When editing the `stackclub` package files, we want the latest version to be imported when we re-run the import command. To enable this, we need the %autoreload magic command.

In [None]:
%load_ext autoreload
%autoreload 2

For accessing the datasets using the Butler, and then visualizing the results, we'll need the following modules:

In [None]:
%matplotlib inline
# %matplotlib ipympl

import os, glob
import numpy as np
import matplotlib as mpl
import matplotlib.pyplot as plt
from IPython.display import IFrame, display, Markdown

import stackclub

In [None]:
import lsst.daf.persistence as dafPersist
import lsst.daf.base as dafBase

import lsst.afw.math as afwMath
import lsst.afw.geom as afwGeom

import lsst.afw.detection as afwDetect
import lsst.afw.image as afwImage
import lsst.afw.table as afwTable

import lsst.afw.display as afwDisplay

You can find the Stack version that this notebook is running by using eups list -s on the terminal command line:

In [None]:
# What version of the Stack am I using?
! echo $HOSTNAME
! eups list -s | grep lsst_distrib

## Listing the Available Datasets
First, let's look at what is currently available. There are two primary shared dataset folders in the LSP, the read-only `/datasets` folder, and the group-writeable folder `/projects/shared/datasets`. Let's see what's in there

**`/projects/shared/data`:** These datasets are designed to be small test sets, ideal for tutorials.

In [None]:
shared_datasets = ! ls -d /project/shared/data/* | grep -v README
shared_datasets

In [None]:
%%bash
shared_datasets=$( ls -d /project/shared/data/* | grep -v README )
for dataset in $shared_datasets; do
    du -sh $dataset
done

**`/datasets`:**
These are typically much bigger: to measure the size, uncomment the second cell below and edit it to target the dataset you are interested in.
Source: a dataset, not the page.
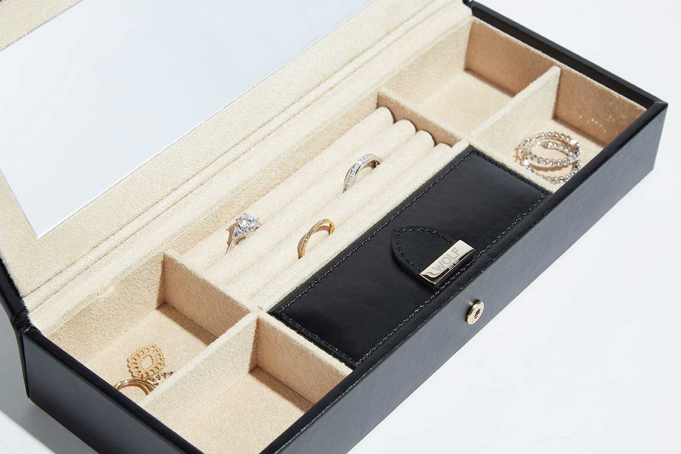 Vydejte se na cestu do exotického a opojného místa, kde se kůže a zlacené cvočky spojují a vytvářejí orientální vzory. Krásná šperkovnice WOLF Marrakesh 308402 v černé barvě s 5 přihrádkami a 3 ruličkami na prsteny. Díky tvaru a rozměrům 27,5 cm x 11,4 cm x 5 cm (délka, šířka, výška) se tento box perfektně hodí do většiny trezorů nebo může být skvělým společníkem na cesty. Vnitřek je lemován speciálním materiálem WOLF LusterLoc™ , který pohlcuje plyny, které způsobují zašednutí a ztmavnutí šperků. Zajišťuje tak dokonalý vzhled šperků po dobu minimálně 35 let. Uvnitř krabice je také elegantní zrcátko na klopě.

Running `du` on all folders takes several minutes.

In [None]:
datasets = ! ls -d /datasets/* | grep -v USAGE | grep -v html
datasets

In [None]:
# %%bash
# datasets=$( ls -d /datasets/* | grep -v USAGE | grep -v html )
# for dataset in $datasets; do
#     du -h $dataset
# done

## Visualizing Sky Coverage
In this section, we'll plot the available patches and tracts in a given dataset on the sky, following the LSST DESC tutorial [dm_butler_skymap.ipynb](https://github.com/LSSTDESC/DC2-analysis/blob/master/tutorials/dm_butler_skymap.ipynb). In fact, we will _import_ this notebook, so that we can re-use its functions. This operation is handled by the `stackclub.wimport` function.

In [None]:
dm_butler_skymap_notebook = "https://github.com/LSSTDESC/DC2-analysis/raw/master/tutorials/dm_butler_skymap.ipynb"

skymapper = stackclub.wimport(dm_butler_skymap_notebook, vb=True)
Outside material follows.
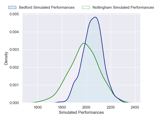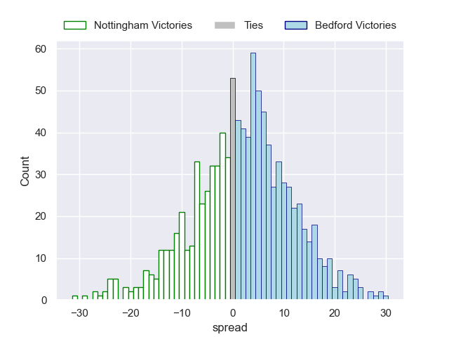 Each club has a rating and a rating deviation (similar to a Glicko rating), and expected performances can be generated. This allows for simulated matches and spreads like the ones below.

> BUG: remote notebooks are not yet `wimport`-able. A workaround could be to import the downloaded file explicitly. This is not yet working, hence the commented out failed attempt below.

In [None]:
# import sys, os
# import stackclub
# sys.path.append(os.getcwd() + '/.downloads')

In [None]:
# import dm_butler_skymap

Now we can attempt to plot the available tracts, using the `plot_skymap_tract()` function.

In [None]:
# repo = "/project/shared/data/Twinkles_subset/output_data_v2"
repo = "/datasets/hsc/repo/rerun/DM-13666/WIDE"
butler = dafPersist.Butler(repo)

# Glob the merged coadd folder for the tracts that have data.  Unfortunately, this information is not
# directly accessible from the data butler.
tracts = sorted([int(os.path.basename(x)) for x in
                 glob.glob(os.path.join(repo, 'deepCoadd-results', 'merged', '*'))])

# How many tracts do we have?
print("Found {} tracts".format(len(tracts)))

In [None]:
"""
Uncomment this cell when the `wimport` bug is fixed (or avoided).

# Now, loop over all the tracts, plotting them as gray, numbered, rectangles:
ax = None
for tract in tracts:
    skyMap = butler.get('deepCoadd_skyMap')
    ax = skymapper.plot_skymap_tract(skyMap, tract=tract, title='', ax=ax)
""";

## Summary

In this notebook we took a first look at the datasets available to us in two shared directories in the LSST science platform filesystem.